Ankara (ANTARA) - Korea Utara dan Rusia berjanji untuk saling memberikan bantuan militer tanpa penundaan jika salah satu negara diserang oleh negara ketiga berdasarkan perjanjian kemitraan baru yang ditandatangani setelah pertemuan puncak pemimpin kedua negara itu pekan ini.
“Jika salah satu dari kedua belah pihak berada dalam situasi perang karena invasi bersenjata dari satu negara atau beberapa negara, pihak lain akan memberikan bantuan militer dan bantuan lainnya tanpa penundaan dengan memobilisasi segala cara yang dimilikinya,” sebut satu pasal dalam perjanjian yang dilaporkan KCNA, Kamis.

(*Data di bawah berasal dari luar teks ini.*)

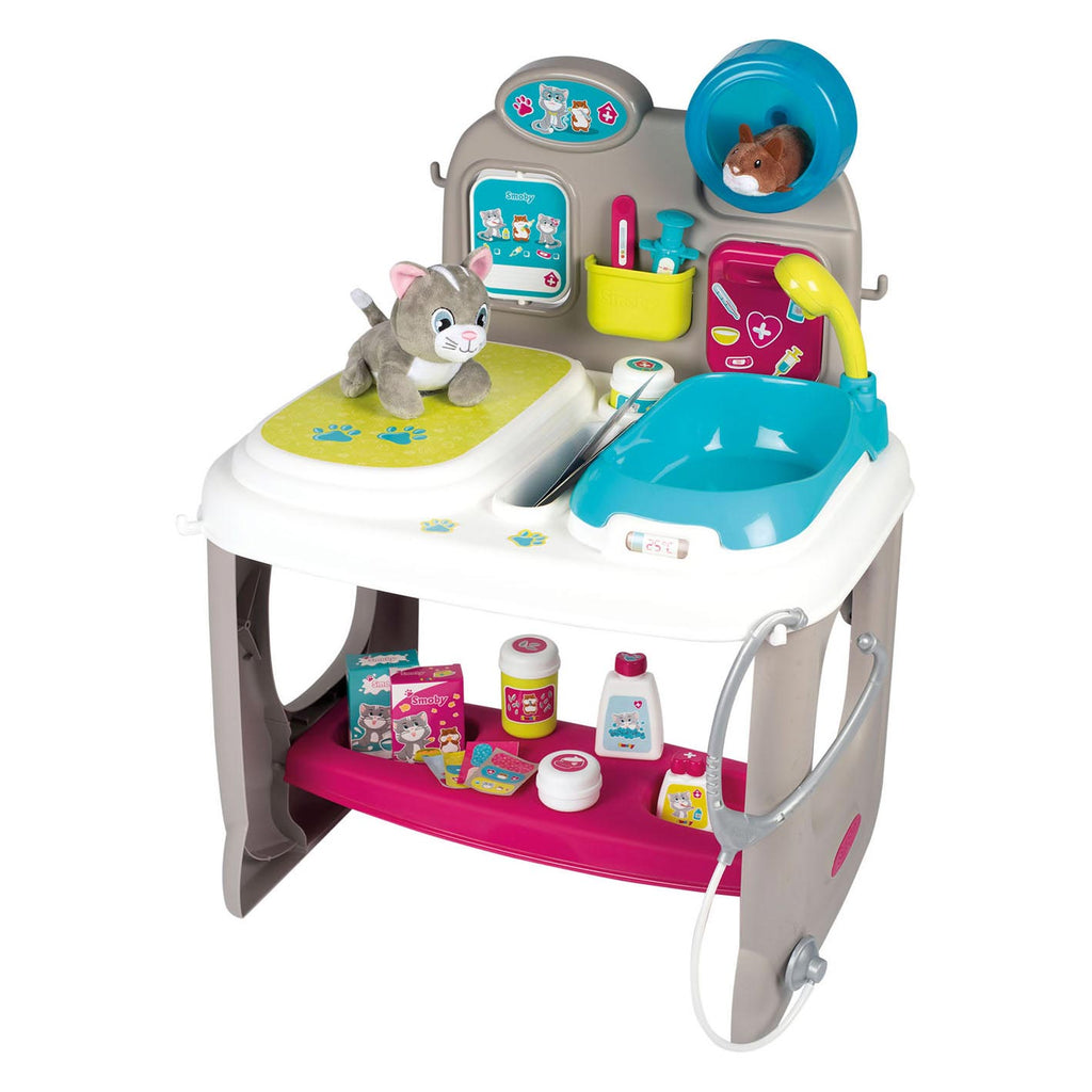 Speelgoed dierenartsenpraktijk van Smoby, met behandeltafel en wasruimte. Er zitten 11 accessoires bij deze speelgoed dierenartspraktijk en ook twee pluchen patiënten om te behandelen: een hamster en een kitten. Afmetingen: 52,3 x 46,1 x 70,7 centimeter. Geschikt voor kinderen vanaf 3 jaar oud.

Perjanjian kemitraan strategis komprehensif ditandatangani oleh pemimpin Korea Utara Kim Jong-un dan Presiden Rusia Vladimir Putin pada Rabu (19/6) setelah pembicaraan di Pyongyang.

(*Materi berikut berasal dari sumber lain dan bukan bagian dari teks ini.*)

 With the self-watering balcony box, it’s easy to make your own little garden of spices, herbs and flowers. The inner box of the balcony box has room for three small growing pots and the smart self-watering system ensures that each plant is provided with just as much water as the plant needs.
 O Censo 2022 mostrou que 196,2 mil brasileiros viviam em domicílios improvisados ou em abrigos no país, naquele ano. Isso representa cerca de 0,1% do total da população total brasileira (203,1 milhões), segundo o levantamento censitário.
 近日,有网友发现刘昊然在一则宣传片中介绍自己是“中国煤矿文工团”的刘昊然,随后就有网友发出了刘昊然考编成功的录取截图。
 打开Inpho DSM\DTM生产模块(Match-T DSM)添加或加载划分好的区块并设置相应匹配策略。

Menurut KCNA, perjanjian baru tersebut juga mengharuskan kedua belah pihak untuk tidak menandatangani perjanjian dengan negara ketiga yang melanggar kepentingan inti negara lain atau berpartisipasi dalam tindakan tersebut.

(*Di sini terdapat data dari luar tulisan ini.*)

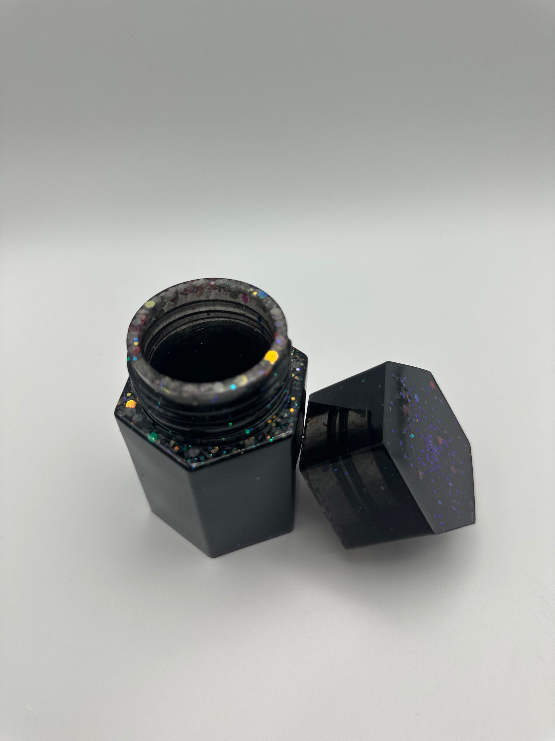 This Hexagon Jar is a perfect addition to your home decor collection. Made of high-quality resin, its unique hexagon shape adds a touch of modern elegance to any room. The included lid keeps contents secure and fresh. Display trinkets, candy, or use for storage.

Menanggapi kesepakatan itu, Korea Selatan menyesalkan perjanjian tersebut dan menyatakan bahwa perjanjian tersebut secara langsung melanggar”resolusi Dewan Keamanan PBB.
“Kami menyampaikan penyesalan kami bahwa meskipun ada peringatan berulang kali dari masyarakat internasional, Rusia dan Korea Utara telah menandatangani perjanjian kemitraan strategis yang komprehensif dan secara terbuka menyebutkan kerja sama teknologi militer,” kata Juru Bicara Kementerian Lim Soo-suk dalam konferensi pers.
Korea Selatan, lanjut Lim, akan menanggapi dengan tegas setiap tindakan yang mengancam keamanannya dengan bekerja sama dengan komunitas internasional, termasuk sekutu dan negara sahabat.
Lim menambahkan bahwa pemerintah berencana mengumumkan posisi resminya mengenai isi perjanjian tersebut.
Pemerintah negeri ginseng tersebut diperkirakan akan menggelar pertemuan Dewan Keamanan Nasional untuk membahas hasil pertemuan puncak di Pyongyang yang bertepatan dengan kunjungan pertama Putin ke Korea Utara dalam 24 tahun itu.